The diaphragm 26 may well be of one-piece construction, or built up of component parts. Adoption of a plurality of unitary segments 40 or 42 (FIGS. 3 and 4) offers a number of advantages and comprises a very suitable solution. Bolt holes 48 permit the segments 40, 42 to be secured to the head 24, being located in spaced relation to the lifting surface with sufficient clearance so as to minimise the likelihood of pulp blockage by bolts extending across the pulp flow path.
The segments 40 of FIG. 3, (one being shown in phantom) are each provided with a diaphragm plate portion 26a and two portions of lifter blade 43, 45, which cooperate to provide lifter blades extending the full radial extent of the diaphragm back plate segment 26, as shown in FIG. 2. In the FIG. 4 embodiment the lifter blade portions 47, 49, 45 do not extend to the radial outer rim 50 of the diaphragm segment 26b, but terminate at a smaller radius. This provides an annular classifier zone lying on the outlet side of the diaphragm 26, through which pulp of suitable consistency can rise, to be entrained by the lifter blades 47, 49, 45, while larger particles and any balls or pebbles that might enter the zone are not picked up by the lifter blades 47.

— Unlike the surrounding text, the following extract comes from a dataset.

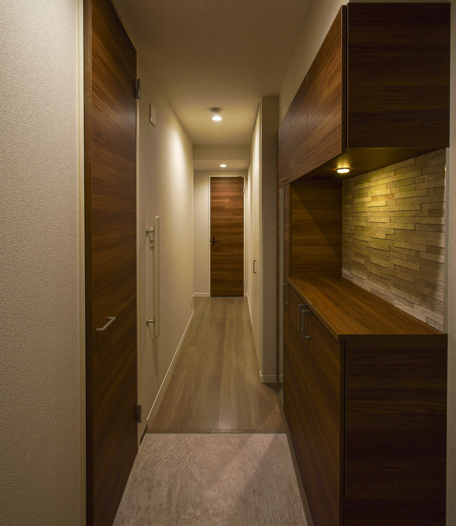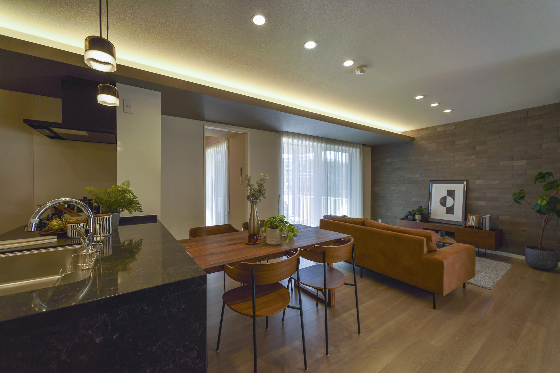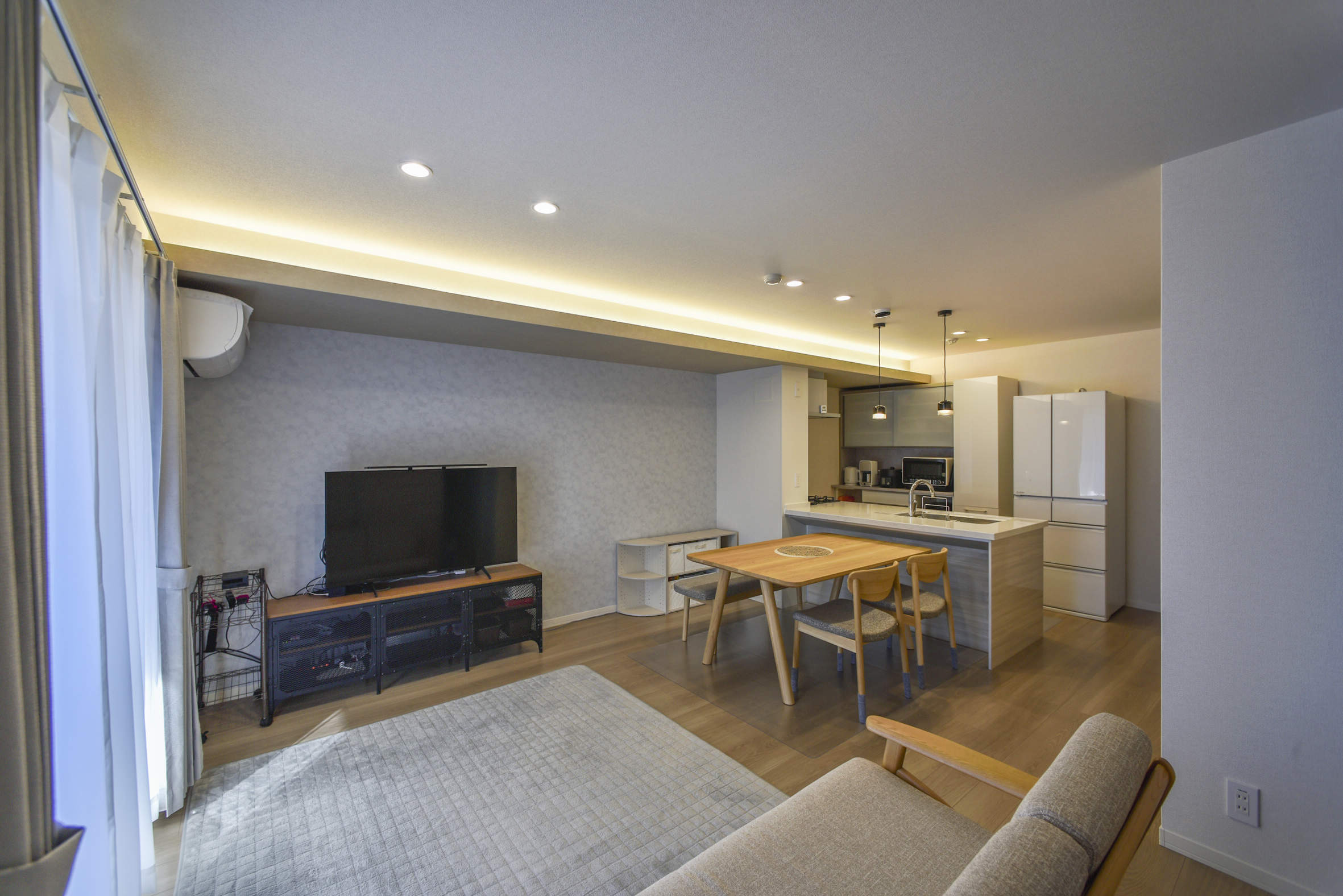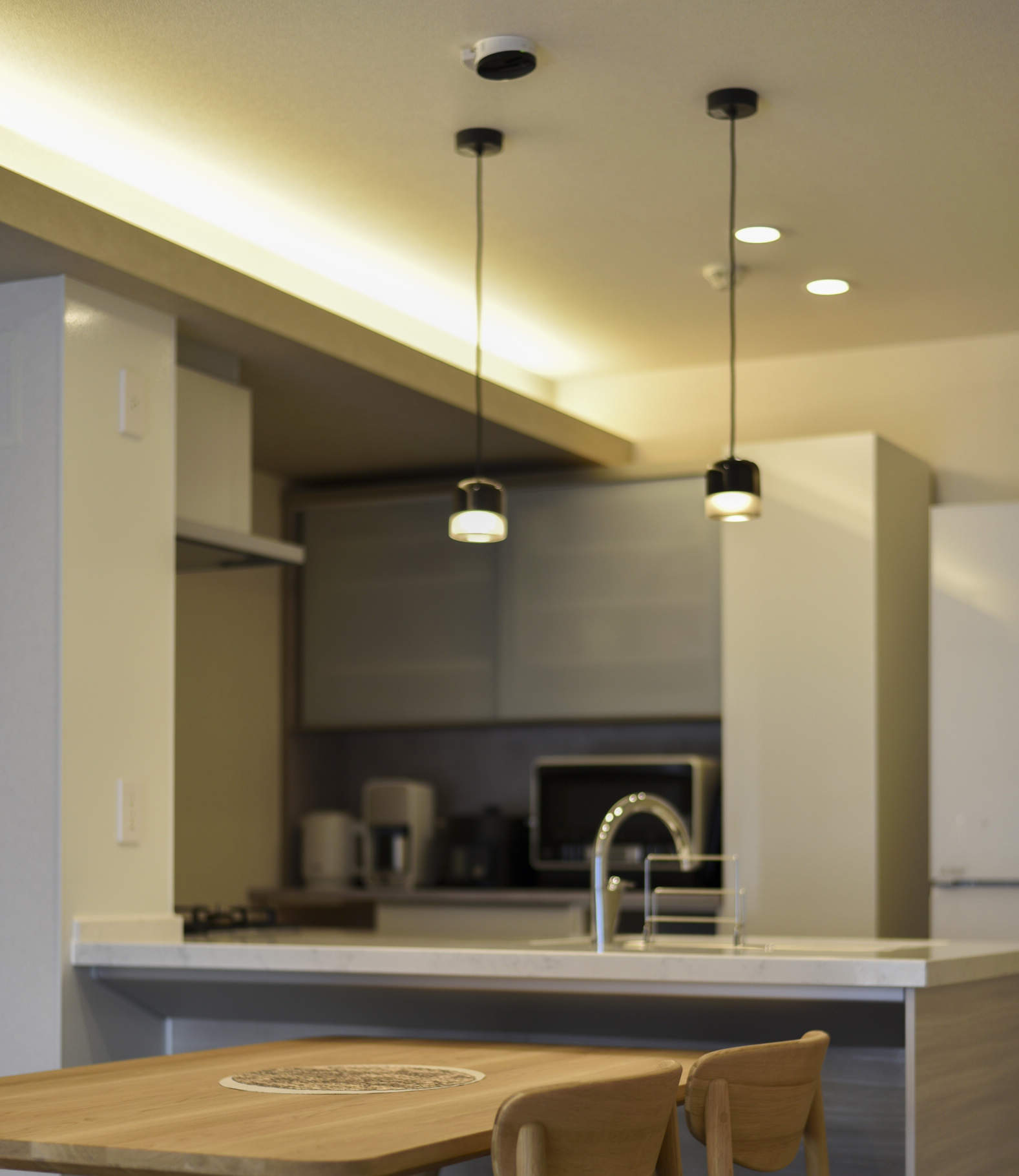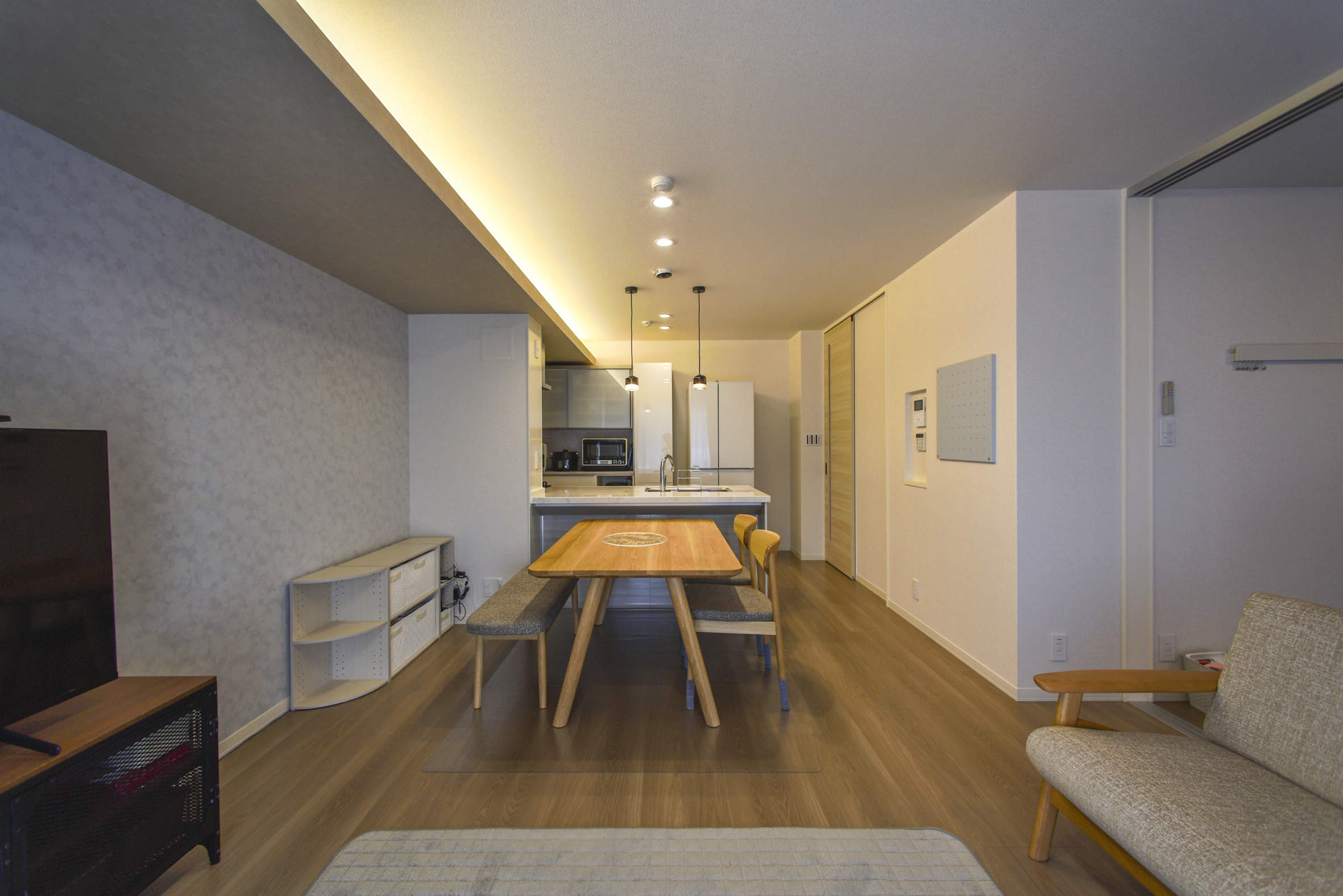 住戸部はダウンライト・コーブ照明・ペンダントを温白色で統一。

With reference to the FIG. 2 embodiment, it will be appreciated that the presence of a wear plate 34 or liner may well prove unnecessary, in view of the protection afforded by the overhang of the diaphragm 26. The segments 40, 42 which generally comprise the diaphragm 26 may well be cast in chromemolydenum or ni-hard (TM) material, while the use of rubber covering for the lifter blades is contemplated.
Referring again to FIG. 2, the discharge trunnion 22 is illustrated as having a ball return spiral 23, well known in the art, by means of which any balls or pebbles that pass through the annular slot and are discharged to the trunnion by the lifters, can be passed back into the drum in a direction opposite to pulp discharge through inclined ball tubes (not shown) extending axially through the diaphragm.
It will be understood that the present invention is equally applicable to mills of the type supported by wrap-around bearings which directly support the drum. In such cases, the trunnion is used only to serve the purposes of mill discharge.
Diaphragm segments in accordance with the present invention are particularly suited to be sized for ready handling into the mill through one or either of the mill trunnions, whereby maintenance by replacement can be more readily carried out.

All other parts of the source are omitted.